Мэгги выпрямляется – плавным движением, что завершается чуть вздёрнутым подбородком – и застывает так.
Баки за спиной Стива еле слышно втягивает воздух.
- Правда, она хороша? – спрашивает он,
У Стива дрожат руки, он не сразу поднимает голову, чтобы ответить. А когда поднимает, видит, что Баки смотрит на него в упор.
- Ты всегда умел выбирать женщин, - говорит Стив медленно, вполголоса. Мэгги, если и слышит, не подаёт вида.
Баки неопределённо хмыкает и стягивает с плеч пиджак. Подвигает стул, ставит спинкой вперёд и садится позади Стива.
- Давай, докажи, что я не ошибся и в этот раз.
Он не ошибся.
Мэгги держится молодцом, хотя Стив старается не слишком напрягать её, давая частые перерывы. Баки за плечом комментирует, отпускает реплики, что-то советует.
- Здесь светлее, Стив. Это заметно, если снять бельё. Но даже над ним, видишь полоску?

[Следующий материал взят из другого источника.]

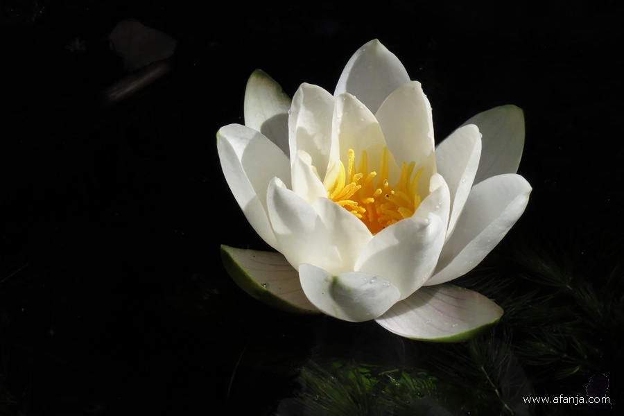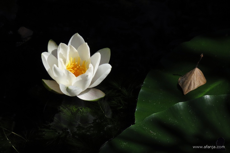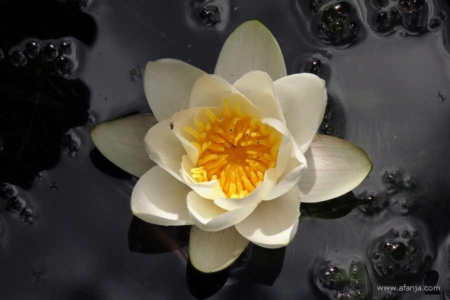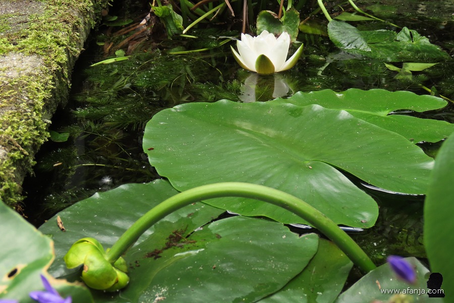Toen die enkele dagen later zijn kop boog om opnieuw onder te duiken, was de eerste waterlelie net open gegaan. Intussen staan er twee waterlelies in bloei …

Стив видит, у него просто не все детали рука поднимается запечатлеть, словно страшно спугнуть сокровище. Или влезть в тайну, в которую тебя пока не пустили.
Он наносит тени на живот старательно, а Баки и Мэгги обмениваются шутками.

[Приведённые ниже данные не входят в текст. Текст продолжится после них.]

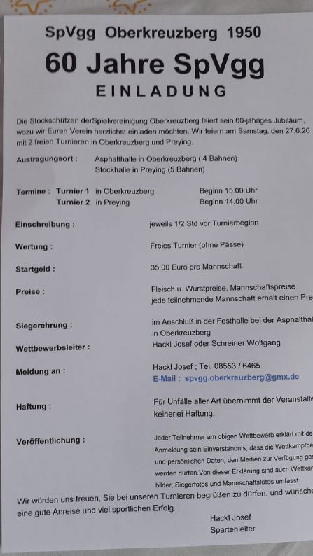 | 34 | 18.08.-24.08. | 23.08.2025 | 09.00Uhr | Fritz Koller Gedächtnisturnier | Oberkreuzberg | Ossi, Andi, Beer, Schneider | 2.Platz / Finalschießen | Ausschreibung | Ergebniss | |||||

- Покуришь? – спрашивает он, но Мэгги качает головой.
- Потом.
Баки вплотную наклоняется к Стиву, почти кладёт подбородок на плечо.
- Стив. Ты сейчас сделаешь из неё темнокожую.
- Чёрт! – Стив сдавленно ругается, и наконец смеются все.
Поза ломается, но набросок почти готов. Стив передаёт альбом Мэгги, она берёт его с большой осторожностью и интересом. Всё так же, стоя на каблуках, в одном нижнем белье, рассматривает саму себя, и на её лице смесь странных эмоций.
- Ты меня сделал другой, - наконец говорит она, чуть склонив голову. – Лучше. Идеальнее.
Баки хлопает ладонями по спинке стула.
- Я говорил, это его вечная проблема. А всё потому, Стив, что ты поднимал глаза раза два из необходимых двух сотен, а остальное дорисовывал из головы. – Он склоняет голову, обращаясь уже к Мэгги: - Хотя, дорогая, я вовсе не имел в виду, что ты не идеальна.
Мэгги отмахивается – тоже мне комплимент, правда известна и так – и снова к Стиву:
- Ты будешь его заканчивать?
- Вряд ли.
- Тебе придётся научиться на меня смотреть, - мягко говорит она. – Если хочешь однажды закончить.
Баки улыбается ей, как будто они знают друг друга уже очень давно.
- Как бы нам отучить его от излишней скромности?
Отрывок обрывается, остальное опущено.